Le jeune cultiste détourna la tête, en proie à des sentiments contraires. Il était en présence d’un des hommes les plus importants de la Terre des Murmures. D'un autre côté, c’était aussi un vieillard impuissant et faible. S’il avait désiré se venger, il n’aurait eu qu’à le pousser par terre pour que ses os se brisent. Cependant, il ne ressentait aucune colère envers lui, même s’il était responsable des galères vécues six ans auparavant.
— Comment pourrais-je vous en vouloir, chuchota-t-il, les yeux au ciel qui se parsemait d'étoiles. Vous l’avez vue, ma femme, Orbia… Sans votre discours, ce jour-là, je ne serais pas arrivé jusqu’ici. Même si les raisons qui vous ont poussé à agir ne sont pas nobles, je vous dois cela. Aujourd’hui, qui plus est, vous avez sauvé les meubles. Franchement, je ne peux pas vous en vouloir.
L’Inquisiteur Menkera resta silencieux avant de pousser un grand soupir. Il ne semblait pas entièrement convaincu par ce que venait de lui confier Amset et affichait toujours un air triste et coupable. Il appela au loin un de ses Disciples et se dégagea de l’emprise du jeune homme.
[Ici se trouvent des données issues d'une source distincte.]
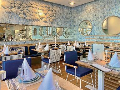 Wer würde nicht mit so einem Pfund wuchern: Als Sieger in der Koch-Show „Mein Lokal, dein Lokal“ auf Kabel1 TV lässt es sich das Wiesbadener Restaurant „Pescaletta“ nicht nehmen, schon an der Eingangstreppe neben einer sympathischen lebensgroßen Kapitänsfigur eine handbeschriebene Schiefertafel aufzustellen, die den Spaziergänger auf die gastronomische Auszeichnung aufmerksam macht. Das Restaurant befindet sich im wunderschön renovierten Gebäude des Hansa-Hotels und präsentiert sich ganz im Stil eines kleinen Kreuzfahrtschiffs: Schon am Eingang trifft der Blick durch ein großes Bullauge auf zwei mit Sand und zahlreichen Muscheln und Seesternen gefüllte Terrarien, darüber prangt ein großes blaues Steuerrad. Das Personal trägt Uniformen von Schiffsoffizieren mit dreistreifigen Schulterklappen, die deckenhohen, in Blautönen gehaltenen Tapeten und die dunkelblauen Polster auf Stühlen und Bänken sowie ein riesiger Schwarm aus silbernen Metallfischen an einer der Wände lassen keinen Zweifel am Schwerpunkt des Restaurants aufkommen. Die Webseite verspricht eine kulinarische Kreuzfahrt und die Speisekarte präzisiert auch die Seeroute: Es geht durch vier Anrainerstaaten des Mittelmeers, von Spanien über Frankreich und Italien nach Griechenland.
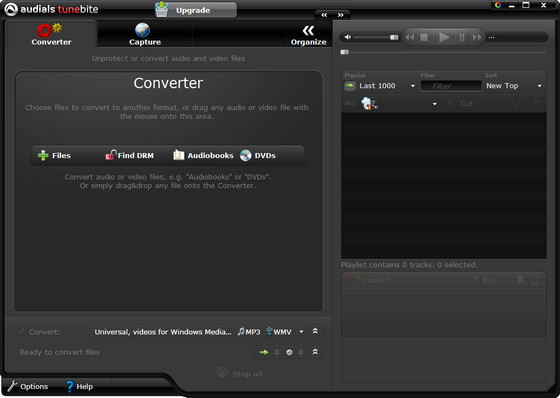 Tunebite - программа, позволяет делать копии с музыкальных файлов, защищенных от копирования. Применяемые технологии цифрового управления авторскими правами (DRM) не дают возможности ни конвертировать их в MP3, ни записывать на компакт-диск, ни проигрывать где-либо, кроме того компьютера, на который этот файл был закачан. Программа позволяет записывать всё, что бы вы ни закачали на компьютер в защищённых цифровых форматах. Возиться с настройками этой программы не нужно, она автоматически определит необходимые для записи параметры звуковой карты. Кроме всего перечисленного, данная программа позволяет записывать защищенное аудио и видео на CD/DVD, изготавливать рингтоны для мобильных телефонов и переносить файлы на мобильные устройства.
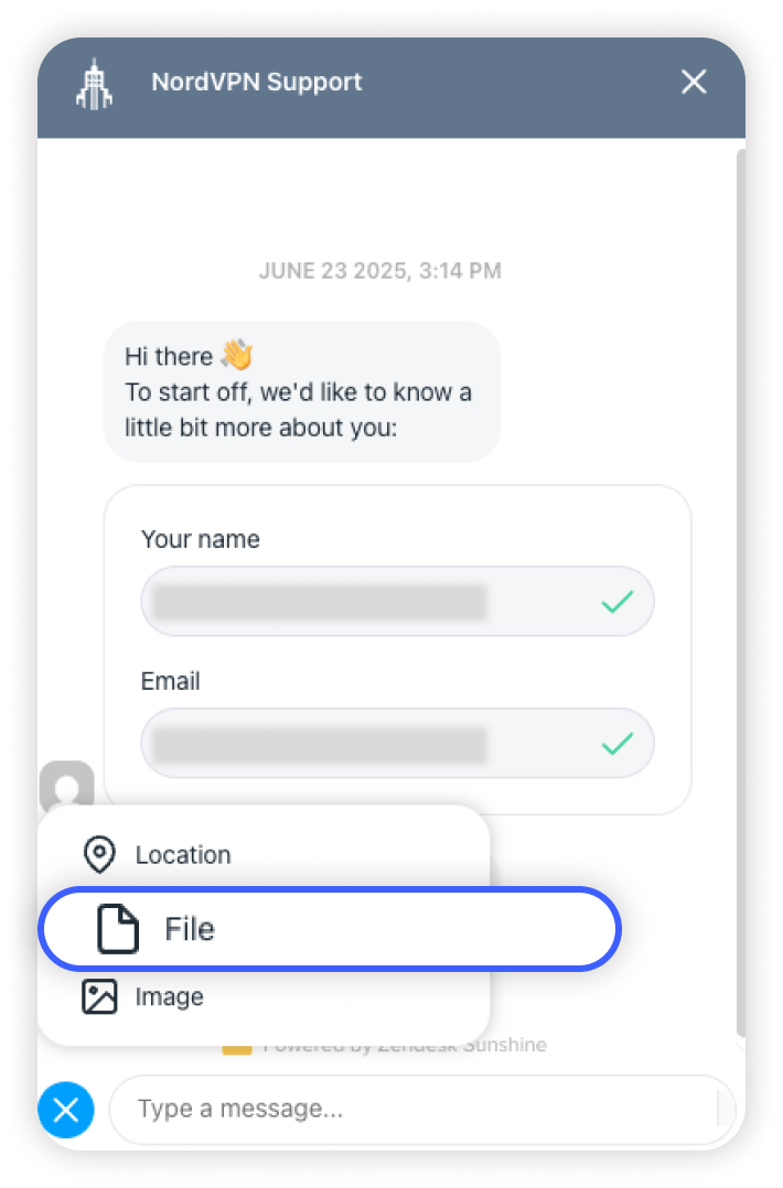 Du kan videresende diagnoserapporten via e-mail eller vedhæfte den til livechatten ved at klikke på Plusknappen i nederste venstre hjørne af chatvinduet og derefter på Fil i pop-up-menuen for upload.
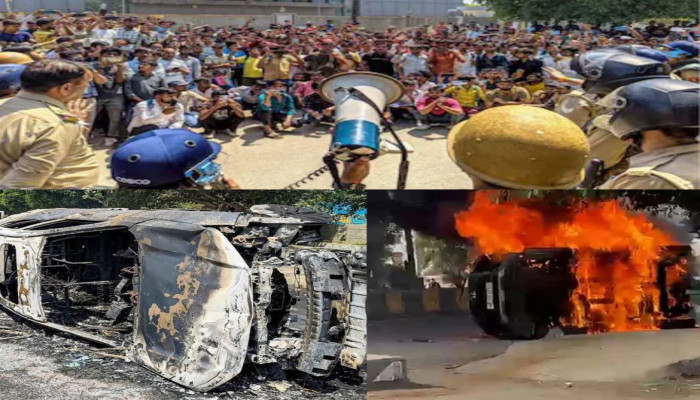 A protest by factory workers in Noida escalated into violence on Monday, highlighting growing frustration over low wages and long working hours. The unrest took place in the Hosiery Complex located in Phase 2 of Uttar Pradesh’s Noida. Workers, many of them women, have been protesting for the past four to five days, demanding better pay and improved working conditions. Their anger intensified after a female worker was allegedly hit with a lathi during police action, which triggered stone-pelting and arson, including setting vehicles on fire.
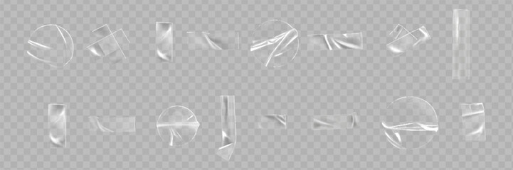 Realistic transparent tape. Plastic glue scotch strip for fix, clear adhesive sticker crumpled cellophane bandage sticky strips, realistic duct tapes
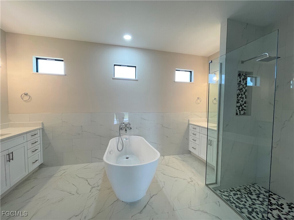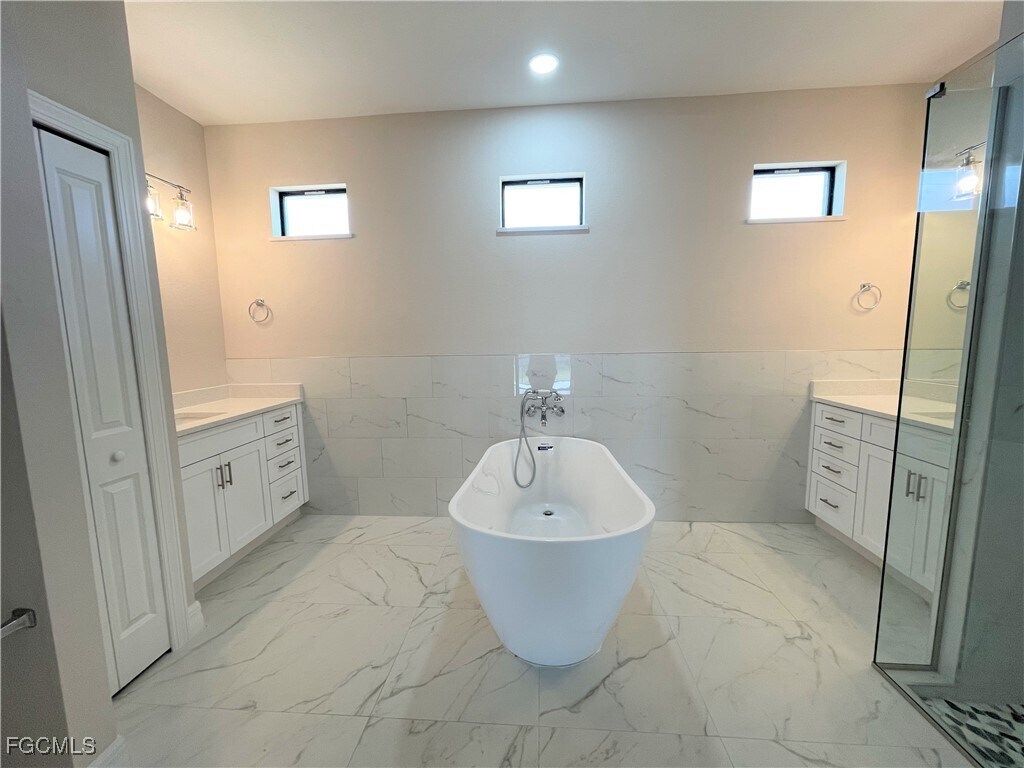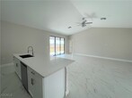 This is a gorgeous newer 4 Bd/2ba Home. This home has all the bells & whistles,including elegant 24 x 24 porcelain tiles floors throughout. Lovely kitchen with Quartz Countertops and custom design tiled backsplash. Equipped with beautiful Stainless Steel Appliances. Breakfast bar features custom design tiles installed over knee wall. Upgraded stylish light fixtures throughout. Spacious master bedroom with sliding glass doors leading to the outside and two walk-in closets. Amazing master bathroom with large tiled shower featuring a lovely mosaic waterfall effect. Separate elegant vintage/stand-alone tub. Two individual quartz countertops with undermount sinks. Substantially large screened-in lanai. Connected to CITY WATER. Convenient location! THIS HOME HAS IT ALL!!!
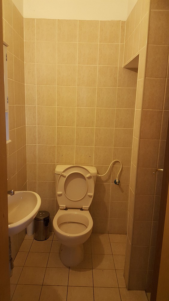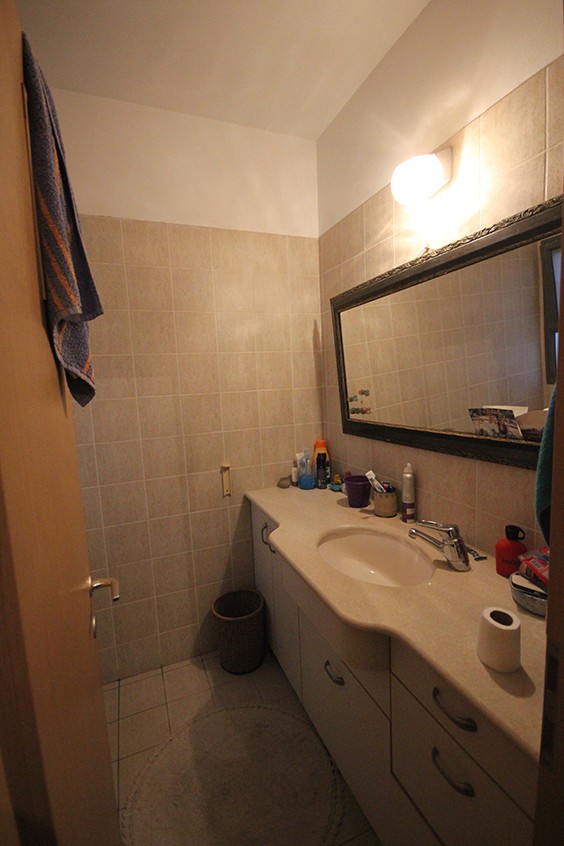 לפני שיפוץ-האסלה מקבילה לארון וחוסמת את הגישה לאמבטיה

— Je vais vous laisser. Puissiez-vous et votre famille vivre heureux encore longtemps, jeune Amset. Mais si je peux me permettre un conseil, méfiez-vous des autres Inquisiteurs. Les deux ici présents, en particulier, ont plus d’un tour dans leur sac.
Menkera laissa le Guide planté là, circonspect. Les paroles du vieillard l’avaient profondément troublé. Malgré ses propres dires, il ressentait une légère frustration d’avoir été manipulé dans sa jeunesse. Puis il se souvint qu’il attendait Orbia et, s’étonnant de ne pas la voir venir, partit à sa recherche.